Wednesday, 10 January 2018: 11:15 AM
Room 18B (ACC) (Austin, Texas)
The dependence between spatiotemporal variability of rainfall and its hydrologic impact has not been fully understood. A previously developed Dynamic Moving Storm (DMS) generator is a multivariate rainfall model simulating spatiotemporal variability as well as storm movement. In this study, the DMS generator has been upgraded to generate realistic precipitation field. Rain cell segmentation and tracking algorithms were respectively developed and applied on high resolution radar rainfall data (1) to spatially determine the rain cells within individual radar image and (2) to temporally analyze their dynamic behavior. The dependence of hydrologic responses on rainfall features was investigated by dissecting the precipitation field into rain cells and modifying their spatio-temporal specifics individually. The study area was the Upper Trinity River Basin (UTRB) watershed, Texas; and two kinds of high resolution radar data i.e. the Next-Generation Radar (NEXRAD) level III Digital Hybrid Reflectivity (DHR) product and Multi-Radar Multi-Sensor (MRMS) precipitation rate product, were utilized to establish parameter statistics and to recreate/remodel historical events respectively.

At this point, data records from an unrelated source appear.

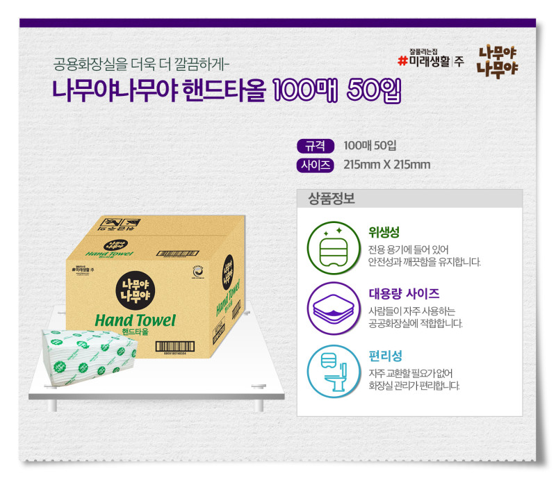 나무야 나무야 핸드타월 5000매(100매*50밴드/225*215mm/2겹/미래생활)/박스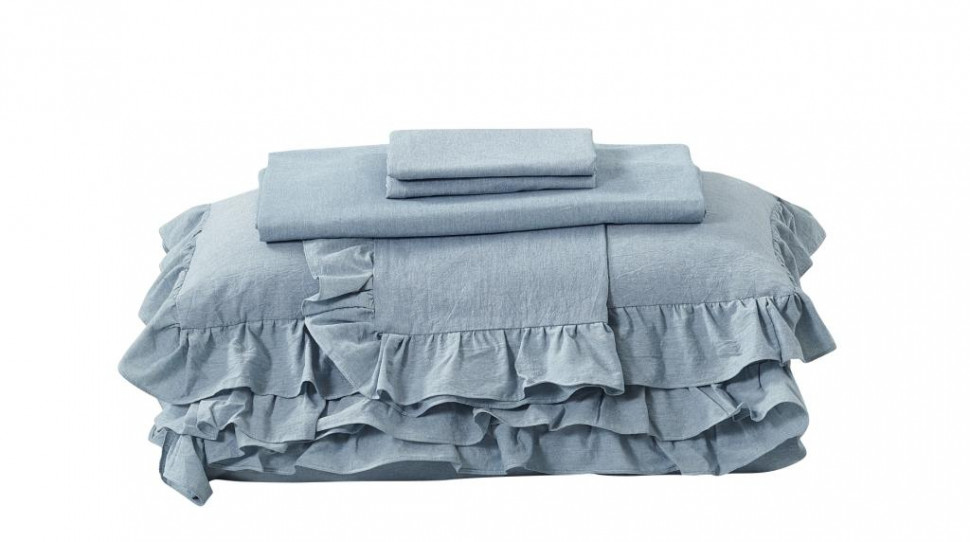 Постельное бельё с рюшами серии VJ торговой марки "Karteks", выполненное из "варёного хлопка", отличается лёгким жатым эффектом, повышенной плотностью, износостойкостью, воздухопроницаемостью, выдерживает многочисленные стирки.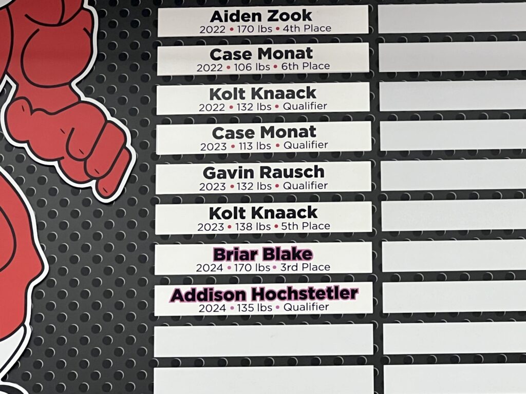 The Kathi Knaack Memorial Redhawks State Wrestling board pictured this past season in Traer after both wrestlers Briar Blake and Addy Hochstetler qualified for the state meet - the first girls to do so in North Tama school history. PHOTO COURTESY OF ANDREW KNAACK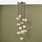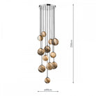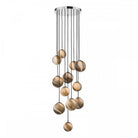 The Mikara 12 Light Cluster Pendant is a cluster ceiling light of 12 art glass pendants with a subtle blue and orange marble effect inspired by the planets with polished chrome detailing.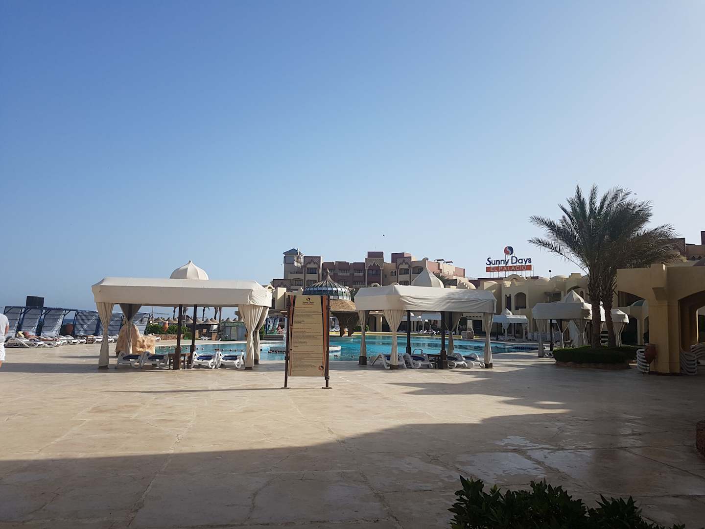 Das ist der Blick von unserem zimmereigenen Balkon auf den 2. Pool! In diesem befindet sich eine Poolbar welche von 10 Uhr morgens bis Sonnenuntergang besetzt ist! Das Personal ist sehr freundlich und zuvorkommend.

Empirical distributions of the DMS parameters were calculated by processing a long record of rainfall data (10 years), which would reveal preferential patterns and seasonality under the regional climate. Subsequently, the WRF-Hydro model forced by the remodeled and modified precipitation was used for hydrologic simulation. The results demonstrated that rainfall duration is a significant linkage between DMS parameters and their hydrologic impacts—any combination of spatiotemporal characteristics that render rain cells to stay longer over the catchment will produce higher peak discharge.